Petite œuvre de Jeanne...

Après cette jolie ballade retour au camion puis repas. le moral au beau fixe, on décide de faire quelques courses : au menu Décath',etc. Bien mal nous en a pris car nous perdons littéralement notre après-midi dans la circulation , entre Anglet, Bayonne, Biarritz etc. La prochaine fois, c'est décidé, on n'aime pas ça mais on prendra l'autoroute pour éviter cette zone, ça n'est clairement pas notre partie préférée du pays basque ! 
On trouve enfin un endroit où dormir au dessus de St Jean de Luz et le lendemain, on file en Espagne ! Un poumon, une respiration après cette traversée de la conurbation BAB, non pas qu'ils soient tous des hippies par ici...

Nous sommes samedi, voilà déjà 5 jours que nous sommes partis, cela passe très vite. Nous passons la frontière espagnole et filons vers le sud-ouest. Nous nous arrêtons à la nuit tombée près de Tordesillas où un traité, le premier du genre,  fut signé il y a de cela à peu près 500 ans...je vous laisse chercher de quoi il s'agit ! Ce bivouac à Castronuňo nous laisse découvrir dans les vallons alentours des champs d'ocres et de verts battus par des vents qui dessinent à leurs surface de douces volutes. Pour le reste, le village semble lui-même déshérité, clos et lisse, si ce n'est les trois quatre cafés ouverts à notre arrivée et les chiens hurlants à la nuit.
Les paysages castillans sont plutôt monotones, à base d'immenses champs voués à la grande agriculture, celle qui s'expédie dans toute l'Europe. Du coup, les paysages ne font pas rêver, mais il faut dire qu'on n'a quasiment pas quitté l'autoroute !
Le lendemain, on repart vers Salamanque, très jolie ville qui fut un centre universitaire très important au Moyen-Age. On s'y ballade le dimanche après-midi et le lundi avant de repartir vers le Portugal.

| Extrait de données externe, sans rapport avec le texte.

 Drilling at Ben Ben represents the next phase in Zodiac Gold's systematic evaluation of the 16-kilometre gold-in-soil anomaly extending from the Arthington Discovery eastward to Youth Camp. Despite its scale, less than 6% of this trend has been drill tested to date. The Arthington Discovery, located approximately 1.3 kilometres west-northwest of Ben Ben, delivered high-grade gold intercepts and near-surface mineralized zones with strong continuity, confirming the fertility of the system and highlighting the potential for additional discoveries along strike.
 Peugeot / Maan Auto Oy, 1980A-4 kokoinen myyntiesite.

                                  
Jésus semble avoir eu une vie difficile hier soir...
Ne riez pas...le danger est partout à Salamanque...

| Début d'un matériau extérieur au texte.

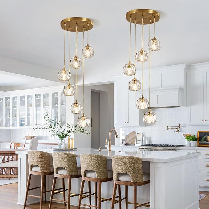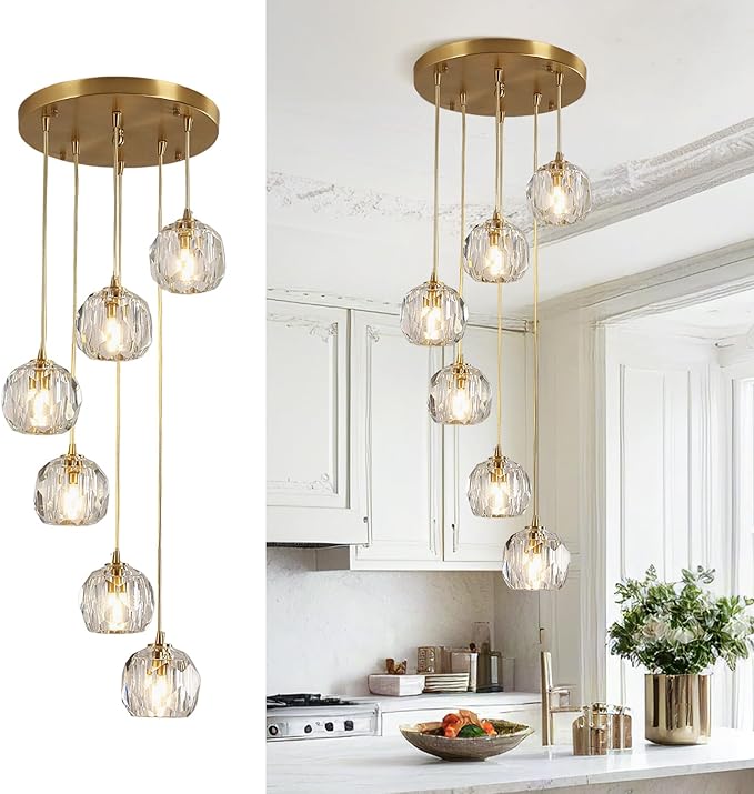 - Dimension & Light Bulb Included: The gold crystal kitchen island pendant lighting canopy size: 11.8”(30cm), crystal lampshade diameter: 4.3”(11cm), hanging cord: 59.1”(150cm) (If you need longer hanging cord, we could customize it for you). Light source: G9, voltage: 110-240V for worldwide. Adjustable 6-Light pendant light fixture could be fully dimmable when used with dimmable bulbs and a compatible dimmer switch
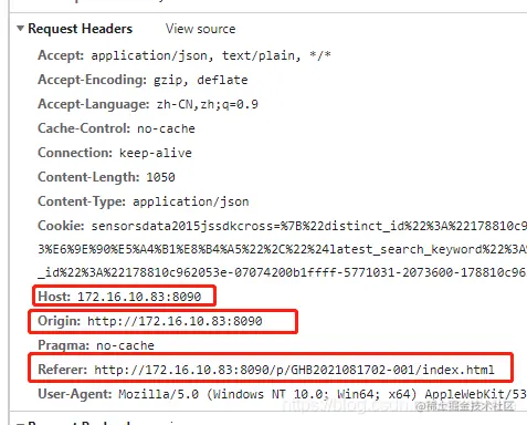 会发现Host的域名端口号和前端资源地址Referer的域名端口号一致。(关于Host和Referer的概念请看我这篇博客:http请求头中的origin、referer、host)。

La seule petite pluie que nous ayons eue en 10 jours...































le punk du devant...







Et le punk de derrière...





















Seulement 1 heure de route avant de rejoindre le Portugal, nous quittons l'autoroute à Vila Formoso et les paysages changent brutalement : ici , pas de grands champs ouverts, mais un paysage rocailleux où l'on devine d'anciennes terrasses, toujours vallonné, à base de petits champs séparés par des murets de pierre sèche ponctués d'énormes galets ronds. Nous ne connaissions pas cette partie du Portugal, c'est vraiment très beau. Les arbres sont couverts de lichen en cette saison, et l'ensemble fait un peu penser à certaines zones de la Norvège ou de l'Irlande.
On se trouve un bel endroit où dormir près de Castelo Mendo. Il ne fait pas très chaud (9°) et la nuit est froide, on descend à 0°.

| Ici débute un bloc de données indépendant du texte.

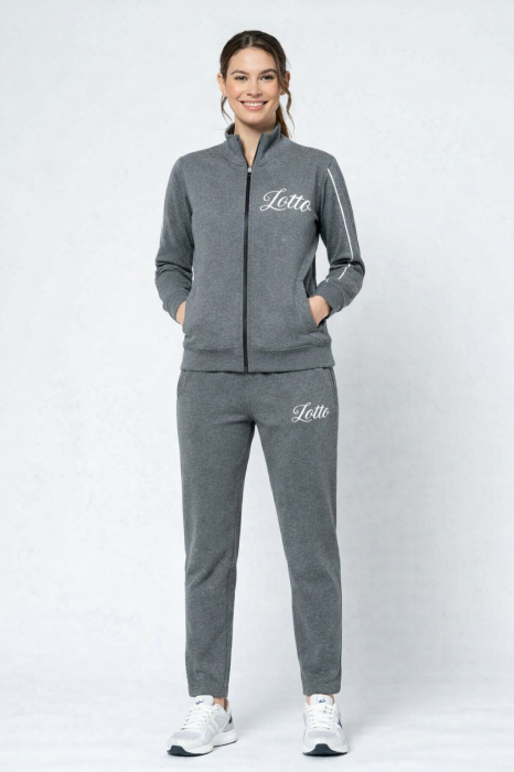 Bluza este prevazuta cu fermoar pe toata lungimea si guler inalt, oferind un plus de confort si protectie. Designul este completat de logo-ul Lotto aplicat si elemente grafice moderne, care adauga un aspect dinamic si actual. Pantalonii dispun de talie elastica pentru o potrivire confortabila si mansete la baza, asigurand stabilitate si un look sport-casual bine definit.

Ce matin, on quitte notre bel endroit vers 11h et nous nous dirigeons vers Guarda, histoire de faire quelques courses (eh oui, encore, mais on ne peut pas stocker grand chose dans le camping car !). En discutant avec une vendeuse, elle nous indique un petit resto "bon et pas cher" qu'on décide de tester dans la vieille ville de Guarda. Les portions sont énormes, et vu le nombre de personnes à venir, ça doit être une référence dans le coin. On ressort du petit resto pour faire un petit tour dans la ville: jolie mais pas exceptionnelle.